§ **WORK TO COMPLETE**
Without copying any picture, transcribe exactly the lines of the data below from the one containing "Dieses Kreativset ermöglicht" through the one containing "Notez que l'étagère".

§ **MATERIAL TO PROCESS**

================================

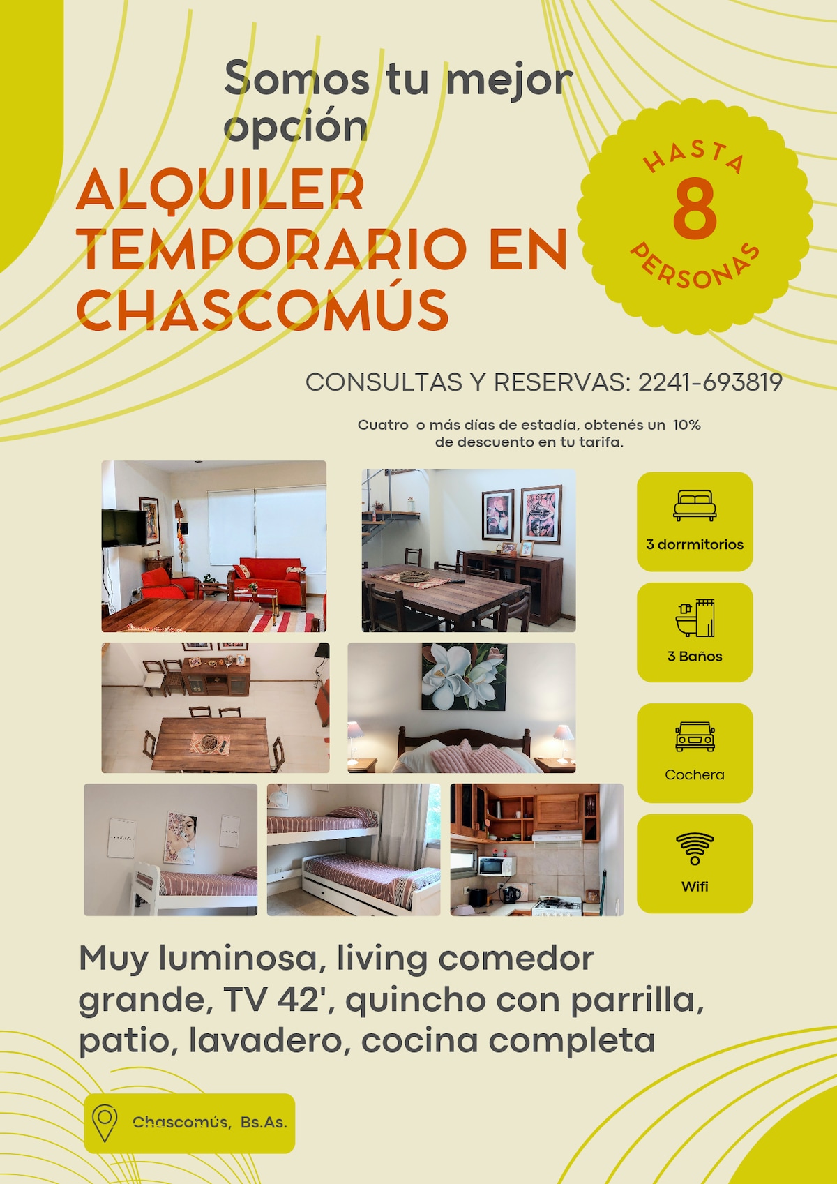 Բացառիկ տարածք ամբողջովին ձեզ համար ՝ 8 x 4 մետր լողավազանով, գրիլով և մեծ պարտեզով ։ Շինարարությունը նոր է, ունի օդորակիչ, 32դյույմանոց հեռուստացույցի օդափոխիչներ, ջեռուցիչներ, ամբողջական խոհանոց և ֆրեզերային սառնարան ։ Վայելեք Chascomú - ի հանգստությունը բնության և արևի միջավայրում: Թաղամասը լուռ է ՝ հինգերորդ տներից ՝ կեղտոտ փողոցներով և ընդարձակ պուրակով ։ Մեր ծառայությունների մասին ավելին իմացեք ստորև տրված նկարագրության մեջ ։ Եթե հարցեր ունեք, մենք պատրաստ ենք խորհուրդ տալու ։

================================

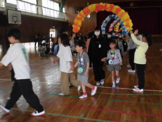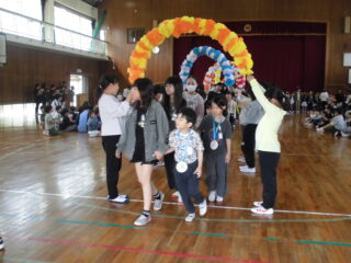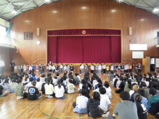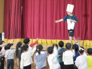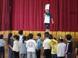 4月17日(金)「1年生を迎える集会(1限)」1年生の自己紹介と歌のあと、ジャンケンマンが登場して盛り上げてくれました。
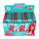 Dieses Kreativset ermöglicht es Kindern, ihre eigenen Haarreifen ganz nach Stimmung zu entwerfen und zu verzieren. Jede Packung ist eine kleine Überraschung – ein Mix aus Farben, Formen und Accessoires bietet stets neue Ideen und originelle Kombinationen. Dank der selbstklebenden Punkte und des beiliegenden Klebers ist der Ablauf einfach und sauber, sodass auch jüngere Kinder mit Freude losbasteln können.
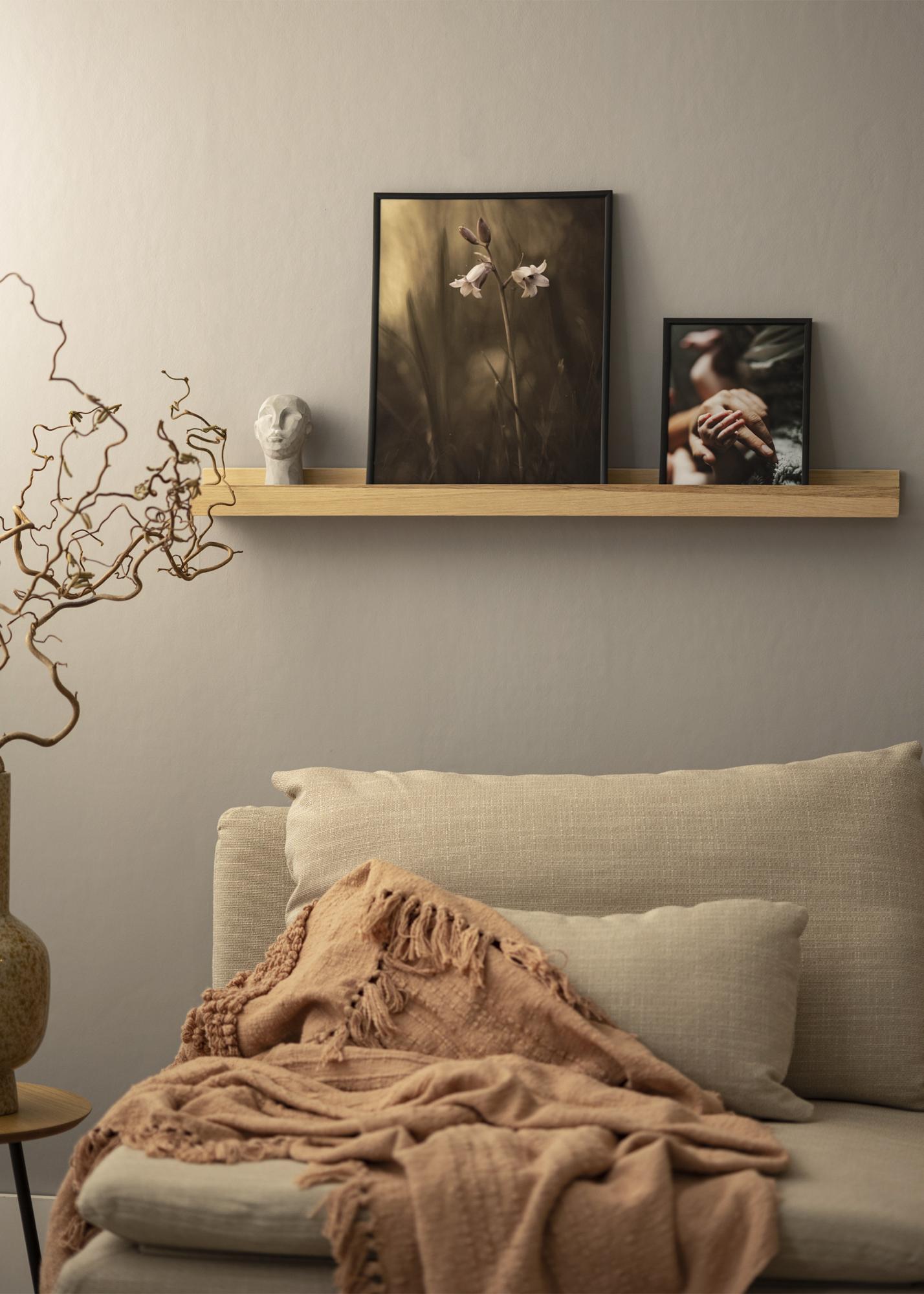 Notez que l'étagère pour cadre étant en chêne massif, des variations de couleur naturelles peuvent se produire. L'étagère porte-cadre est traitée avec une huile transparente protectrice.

================================

§ **RESPONSE TO THIS TASK**
 Dieses Kreativset ermöglicht es Kindern, ihre eigenen Haarreifen ganz nach Stimmung zu entwerfen und zu verzieren. Jede Packung ist eine kleine Überraschung – ein Mix aus Farben, Formen und Accessoires bietet stets neue Ideen und originelle Kombinationen. Dank der selbstklebenden Punkte und des beiliegenden Klebers ist der Ablauf einfach und sauber, sodass auch jüngere Kinder mit Freude losbasteln können.
 Notez que l'étagère pour cadre étant en chêne massif, des variations de couleur naturelles peuvent se produire. L'étagère porte-cadre est traitée avec une huile transparente protectrice.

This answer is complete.